3 Commits

Author SHA1 Message Date
unclecode
879553955c Add ProxyConfig.DIRECT sentinel for direct-then-proxy escalation
Allow "direct" or None in proxy_config list to explicitly try
without a proxy before escalating to proxy servers. The retry
loop already handled None as direct — this exposes it as a
clean user-facing API via ProxyConfig.DIRECT.
2026-02-14 10:25:07 +00:00
unclecode
875207287e Unify proxy_config to accept list, add crawl_stats tracking
- proxy_config on CrawlerRunConfig now accepts a single ProxyConfig or
  a list of ProxyConfig tried in order (first-come-first-served)
- Remove is_fallback from ProxyConfig and fallback_proxy_configs from
  CrawlerRunConfig — proxy escalation handled entirely by list order
- Add _get_proxy_list() normalizer for the retry loop
- Add CrawlResult.crawl_stats with attempts, retries, proxies_used,
  fallback_fetch_used, and resolved_by for billing and observability
- Set success=False with error_message when all attempts are blocked
- Simplify retry loop — no more is_fallback stashing logic
- Update docs and tests to reflect new API
2026-02-14 07:53:46 +00:00
unclecode
72b546c48d Add anti-bot detection, retry, and fallback system
Automatically detect when crawls are blocked by anti-bot systems
(Akamai, Cloudflare, PerimeterX, DataDome, Imperva, etc.) and
escalate through configurable retry and fallback strategies.

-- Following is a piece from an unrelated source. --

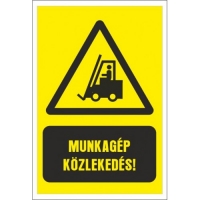 Munkagép közlekedés figyelmeztető tábla kültéri kivitelben, 3 mm habosított PVC táblára kasírozva, A4 méretben.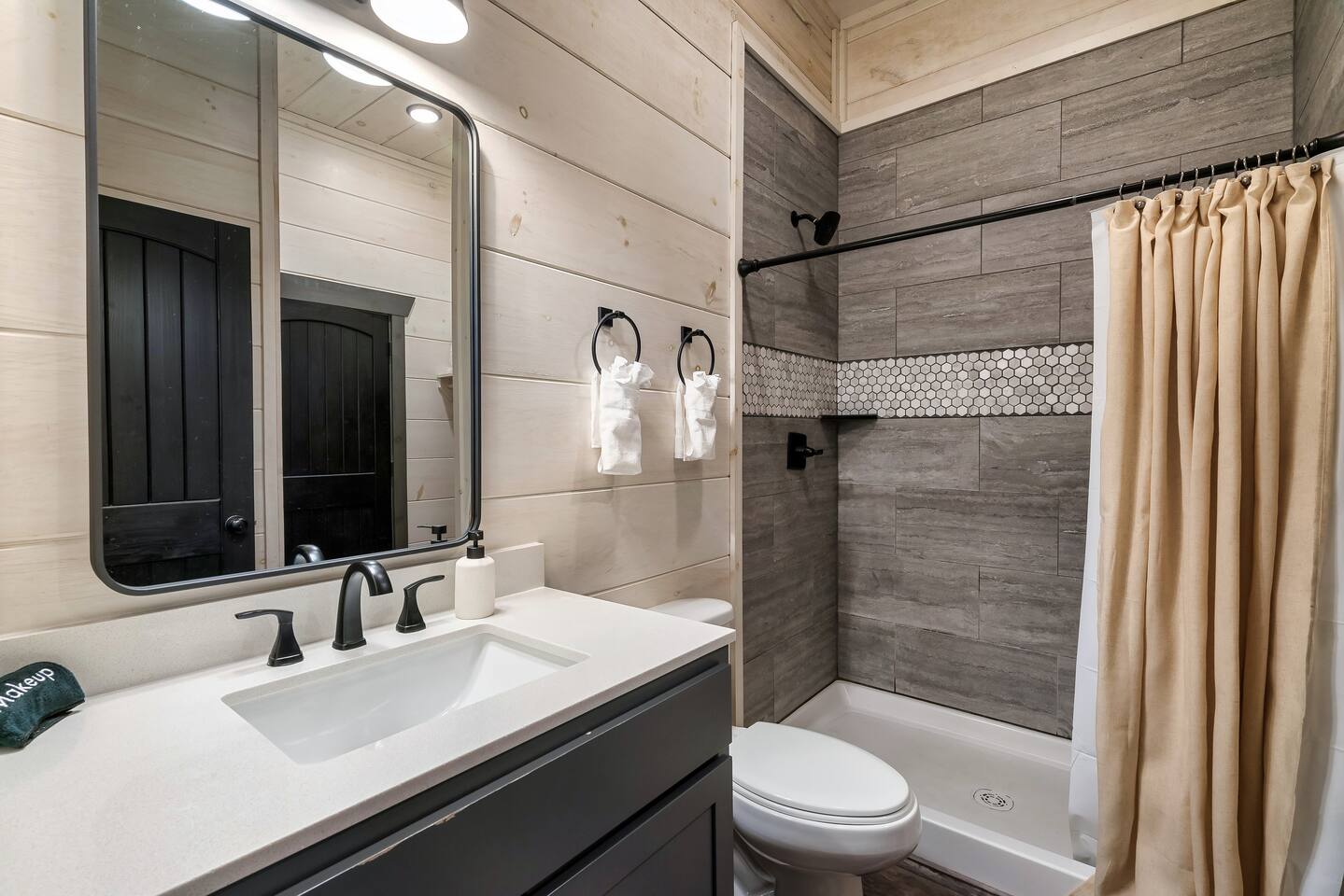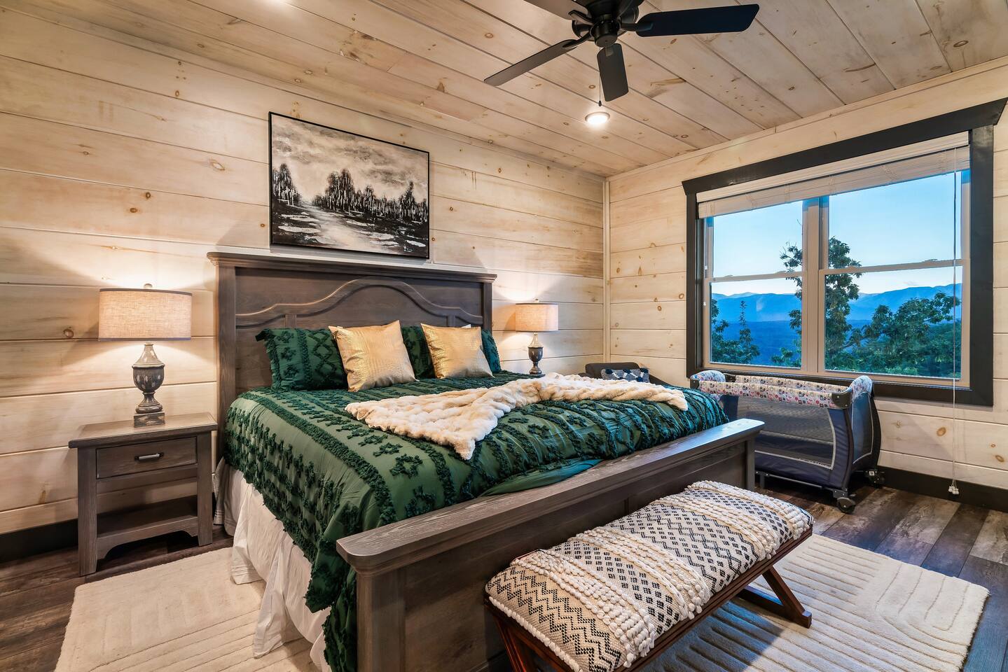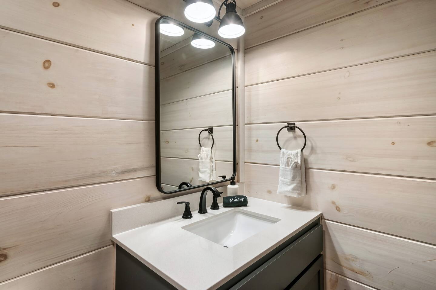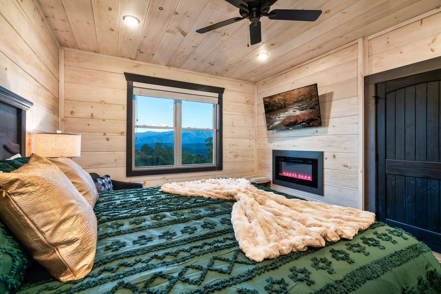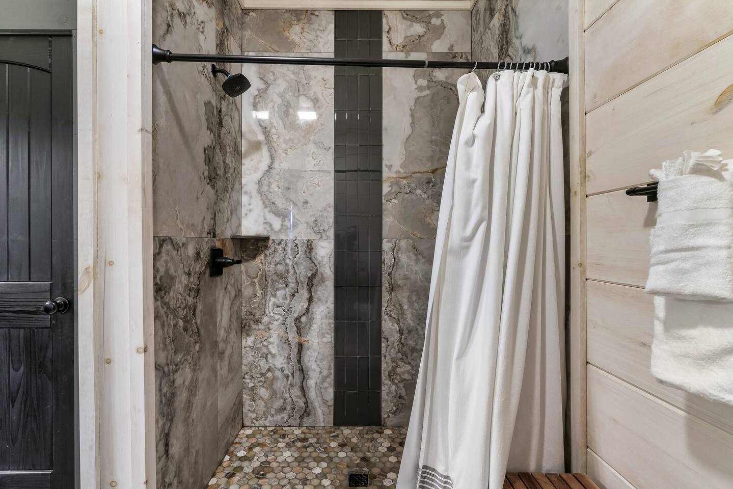 5 Spacious Bedrooms ๐ Main Level Bedroom 1: En-Suite King Bed + Smart TV + Electric Fireplace ๐๏ธ Main Level Bedroom 2: Twin bunk bed over Queen bed + Smart TV ๐ Upper Level Bedroom 1: En-Suite King Bed + Smart TV ๐ Upper Level Bedroom 2: En-Suite King Bed + Smart TV ๐ Lower Level Bedroom: En-Suite King Bed + Smart TV ๐ณ Fully equipped kitchen, ready to create delicious feasts for your whole group ๐ฝ๏ธ! ๐๏ธ Large Living Room: Double stacks of windows for natural light & views, electric fireplace, TV ๐ฑ Loaded Game Room: Pool table, Infinity Arcade1Up, Nerf Gun Wall, Arcade game, Board games, TV, and stunning views ๐ง Private Heated Indoor Pool with soothing fountain ๐โโ๏ธ ๐ Private Deck 1 โ Soak in sweeping mountain vistas, sizzle dinner on the gas BBQ, and unwind in comfy rocking chairs ๐๏ธ๐๐ช ๐ Private Deck 2 โ Breathtaking views, relaxing hot tub, crackling fire pit, and cozy seating ๐๏ธ๐๐ฅ ๐ถ Complimentary High-Speed Internet โ Stream, work, or game โ๏ธ 3 ACs & Heating for your comfort ๐งบ Washer and Dryer ๐ฅ Outdoor small charcoal BBQ Grill ๐ก Clubhouse Access: Enjoy the large seasonal pool, steam room, sauna & gym Our spacious cabin comfortably sleeps 12 guests across 5 tastefully designed bedrooms, each with its own private bathroom for added privacy. The large, open-concept living area features high ceilings, oversized double stack of windows that showcase the spectacular mountain views, and plenty of space for gathering with your group. Step outside onto the expansive deck, where you'll be greeted by breathtaking views of the Smoky Hills. Sip your morning coffee while watching the sunrise, or relax in the evening as the stars fill the sky. ๐๏ธ BEDROOMS ๐๏ธ This stunning three-story cabin features five beautifully designed and luxurious bedrooms. Four of the bedrooms are furnished with king-sized beds and include private ensuite bathrooms for added comfort and privacy. The fifth bedroom, located on the main level, offers a twin-over-queen bed, perfect for accommodating additional guests. Three of the bedrooms showcase large windows that offer incredible views, while all bedrooms come equipped with flat-screen smart TVs for your entertainment. ๐ BATHROOMS ๐ The five bathrooms are conveniently located across three levels, with one on each level easily accessible from the common areas for added guest comfort. Four of the five bedrooms feature private ensuite bathrooms, offering extra privacy for each guest. The lower level includes a Jack and Jill bathroom, accessible from both the bedroom and the pool entrance. Each bathroom is beautifully appointed, boasting luxurious tile work, large modern vanities, and either a walk-in shower (four) or a relaxing bathtub (one). ๐ฉโ๐ณ KITCHEN & LOUNGE๐ฉโ๐ณ Enjoy preparing meals in the spacious, fully-equipped kitchen featuring stainless steel appliances, a large island, and ample pantry storage. Whether you're grabbing a quick snack at the island or gathering around the formal dining table for a full meal, this kitchen has everything you need, including a coffee maker, microwave, stove, oven, and all essential utensils. The open floor plan ensures that even with a full house, the kitchen remains comfortable and functional for everyone. Just beyond the kitchen, step into the stunning living room, where a high vaulted ceiling and a wall of double-height windows frame sweeping panoramic views. The space is anchored by a large electric fireplace, a flat-screen TV, and a luxurious sofa set, creating an inviting spot to relax and unwind. Whether you're savoring freshly prepared meals from the kitchen or simply lounging and soaking in the breathtaking sunrise or sunset, this living area is designed for making lasting memories together. ๐ POOL ๐ The lower level boasts a spacious private heated pool room, complete with a soothing fountain that adds a calming ambiance. Whether you're in the mood for a swim workout or a relaxing float, the tranquil sound of the fountain enhances the experience. A conveniently located adjoining bathroom provides both privacy and ease. The pool room also includes a comfortable seating area, with glass doors that open to the deck, allowing natural light to flood the space while offering picturesque views. ๐โจ๏ธ HOT TUB โจ๏ธ๐ Situated on the lower deck, the hot tub provides a private oasis where guests can unwind while taking in stunning panoramic views. It comfortably accommodates up to five people, offering the perfect spot to relax and enjoy the serene surroundings. ๐ฅ MOVIE THEATER ๐ฅ Head down to the lower-level theater room for an immersive movie experience, complete with your favorite snacks. Whether you're watching classic films, contemporary hits, or bringing your own videos, this space offers seating for 11 guests with additional room to spare, making it the ideal setting for a cozy movie night. โฅ๏ธโฅ๏ธBook today and make priceless memories!

New features on CrawlerRunConfig:
- max_retries: retry rounds when blocking is detected
- fallback_proxy_configs: list of fallback proxies tried each round
- fallback_fetch_function: async last-resort function returning raw HTML

New field on ProxyConfig:
- is_fallback: skip proxy on first attempt, activate only when blocked

Escalation chain per round: main proxy → fallback proxies in order.
After all rounds: fallback_fetch_function as last resort.

Detection uses tiered heuristics — structural HTML markers (high
confidence) trigger on any page, generic patterns only on short
error pages to avoid false positives.
2026-02-14 05:24:07 +00:00